- **DATA EXTRACT**:

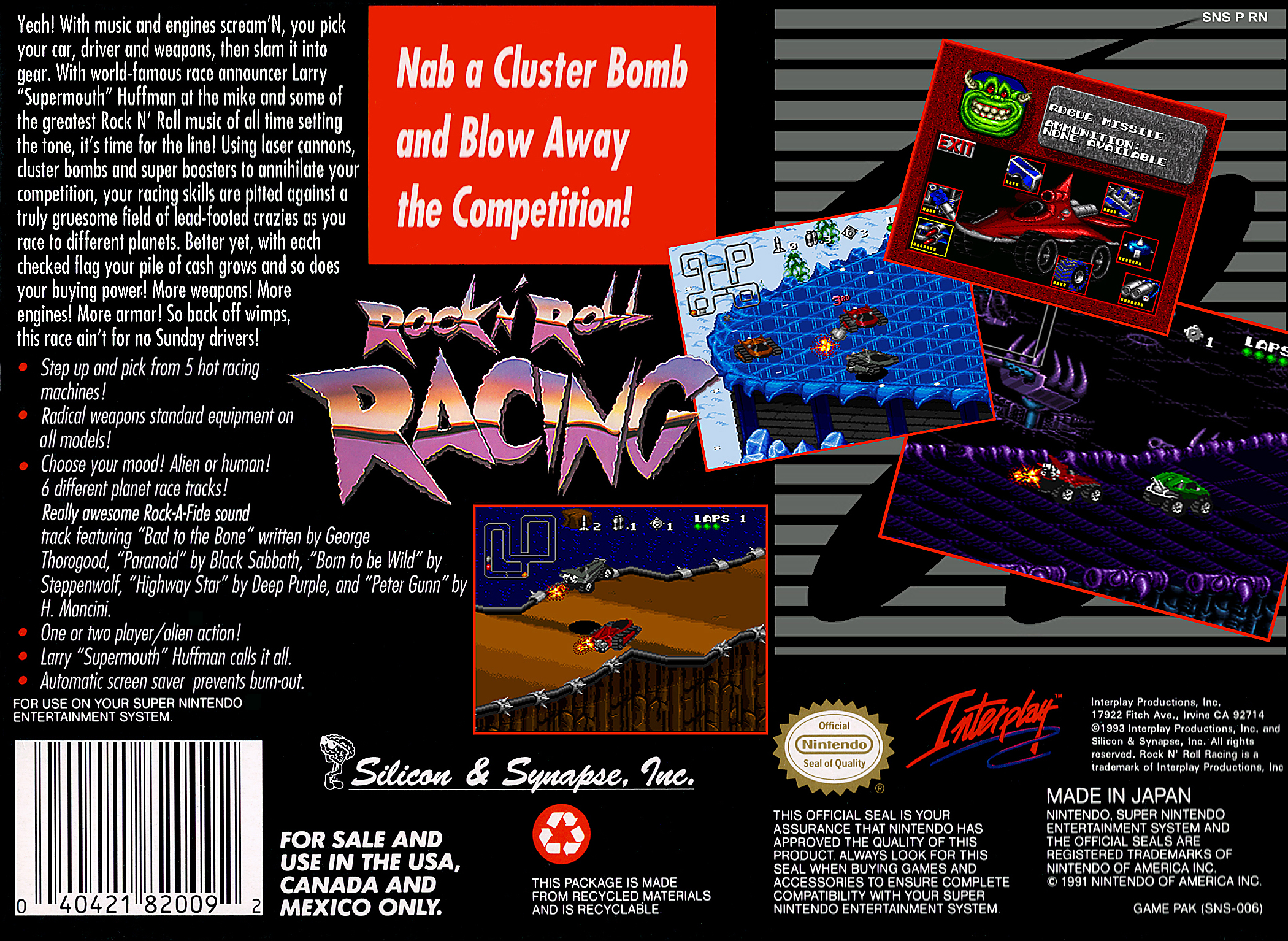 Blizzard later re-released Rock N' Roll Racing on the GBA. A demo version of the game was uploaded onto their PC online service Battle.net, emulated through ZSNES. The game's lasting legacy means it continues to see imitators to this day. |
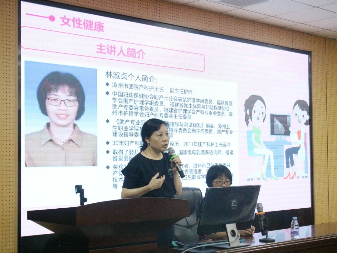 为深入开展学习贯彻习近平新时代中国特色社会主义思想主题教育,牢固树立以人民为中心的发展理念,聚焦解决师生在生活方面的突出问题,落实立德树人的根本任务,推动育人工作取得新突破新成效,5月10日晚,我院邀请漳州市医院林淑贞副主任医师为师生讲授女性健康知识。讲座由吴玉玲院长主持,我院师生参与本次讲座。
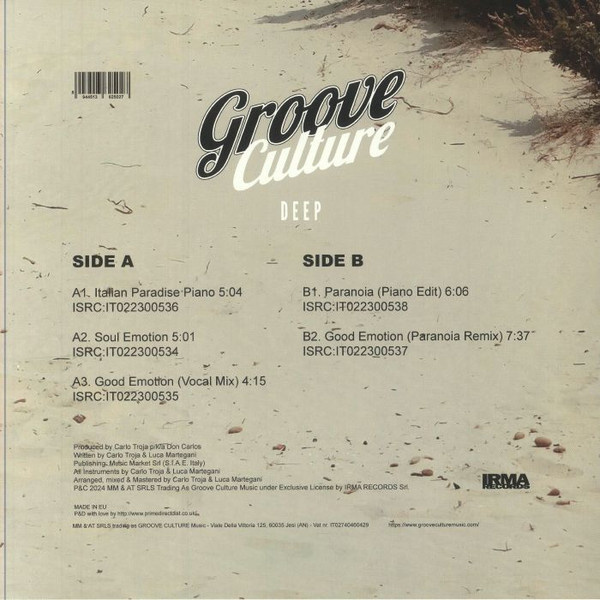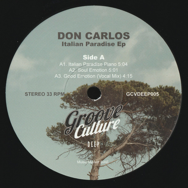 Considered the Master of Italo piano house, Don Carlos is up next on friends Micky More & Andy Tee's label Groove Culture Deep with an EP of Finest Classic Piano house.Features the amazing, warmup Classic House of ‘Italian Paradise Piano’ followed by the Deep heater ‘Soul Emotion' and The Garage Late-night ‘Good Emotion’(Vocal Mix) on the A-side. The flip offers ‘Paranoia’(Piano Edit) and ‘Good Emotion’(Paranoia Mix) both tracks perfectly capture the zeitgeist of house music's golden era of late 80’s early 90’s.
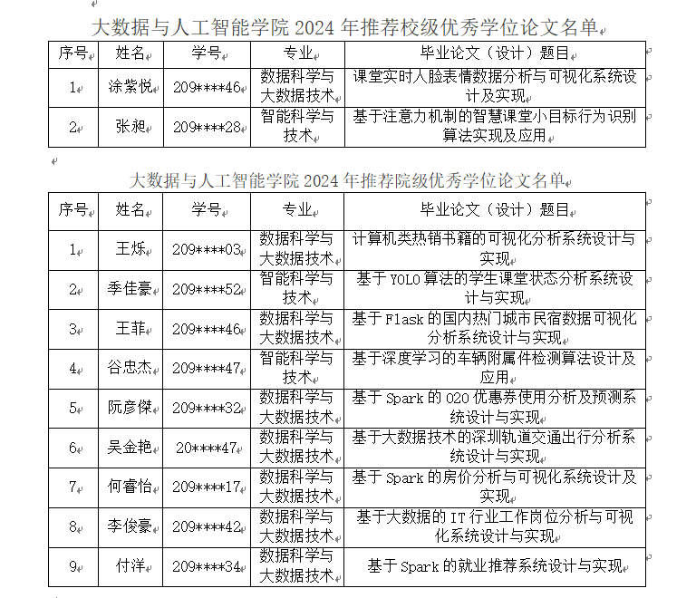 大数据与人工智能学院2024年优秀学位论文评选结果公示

- **REQUIRED WORK**: Write out exactly the lines above, from the very first through the line containing "为深入开展学习贯彻习近平新时", both kept, with the pictures removed.

- **FINISHED TASK**:
 Blizzard later re-released Rock N' Roll Racing on the GBA. A demo version of the game was uploaded onto their PC online service Battle.net, emulated through ZSNES. The game's lasting legacy means it continues to see imitators to this day. |
 为深入开展学习贯彻习近平新时代中国特色社会主义思想主题教育,牢固树立以人民为中心的发展理念,聚焦解决师生在生活方面的突出问题,落实立德树人的根本任务,推动育人工作取得新突破新成效,5月10日晚,我院邀请漳州市医院林淑贞副主任医师为师生讲授女性健康知识。讲座由吴玉玲院长主持,我院师生参与本次讲座。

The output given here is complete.